I’m a calm person by nature, but like everybody else, there are a few things that get my blood, at the very least, simmering. One of them used to be inconveniences.

Our daily lives are filled with delays, missed opportunities, setbacks, and outright nuisances. It happens to us all.

Missing a bus and being late for work. Being locked out of the house for four hours when you have an urgent exam to prepare for, with all your notes on the other side of the door. Having your new, shiny Blackberry slip out of your pocket on the bus and only realizing half an hour after stepping off.

Yes, these have specifically happened to me. And there’s plenty more where they came from too.

They may not seem like the end of the world, because of course, they aren’t.
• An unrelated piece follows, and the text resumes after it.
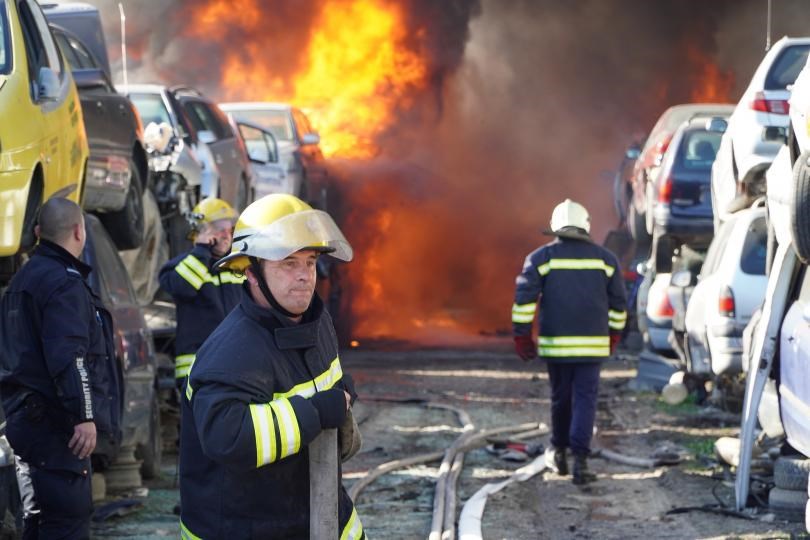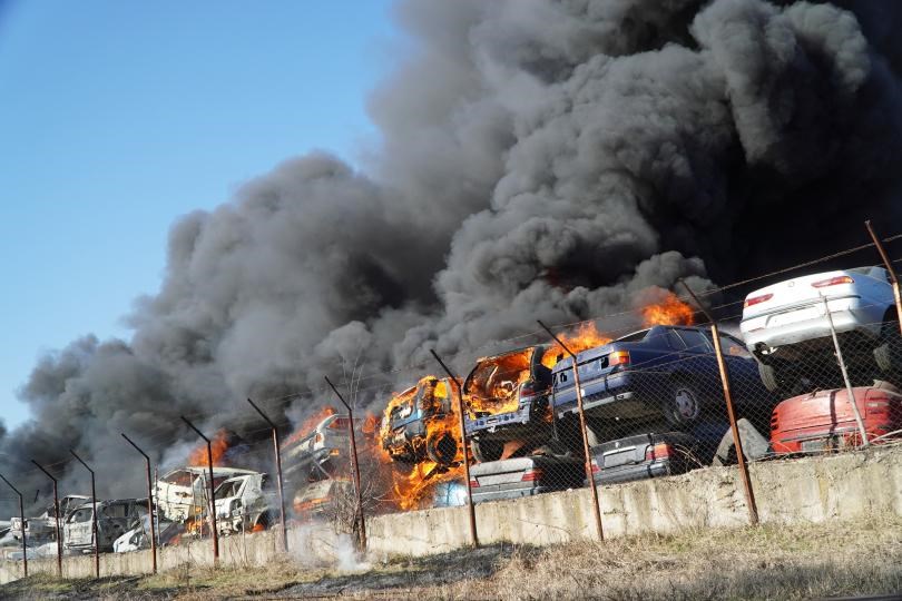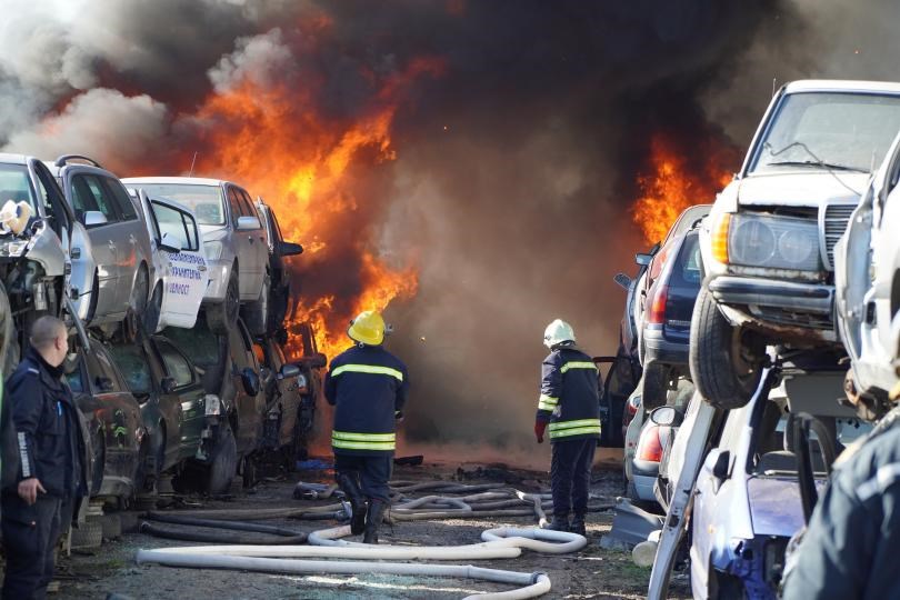 Припомняме, днес към 13:00 часа избухна голям пожар в автоморга в Хасково. По първоначални данни от огнената стихия са засегнати над 100 автомобила, а бедствието може да е възникнало при рязане на кола за скраб. Гъст черен дим се бе разпрострял над целия град, а пожара бе гасен от 4 противопожарни екипа - 3 от Хасково и един от Харманли.

But at the time, they always feel like a big deal and they always happen at the worst possible time. Right on cue, I suppose.

A few years ago while in my second year at university in my home city, London, I experienced a small inconvenience that made me change my outlook altogether. That academic year, I had taken up a language class, but rather than being at my usual campus in London Bridge, it was at the Strand.

I would take the Underground to my evening Arabic class at the Strand campus every Thursday. I took the same route from London Bridge every week. And on my journey home, I would go via the renowned Victoria train station every week at exactly the same time.

On one particular occasion, I was, for a reason I can’t remember now, in a very foul mood (probably another inconvenience). I missed my day of lectures due to an underestimated morning errand run and was now also running late for my evening class.

I then inconveniently missed three consecutive buses due to a sea of blue-uniform-wearing school kids swarming every bus on my route.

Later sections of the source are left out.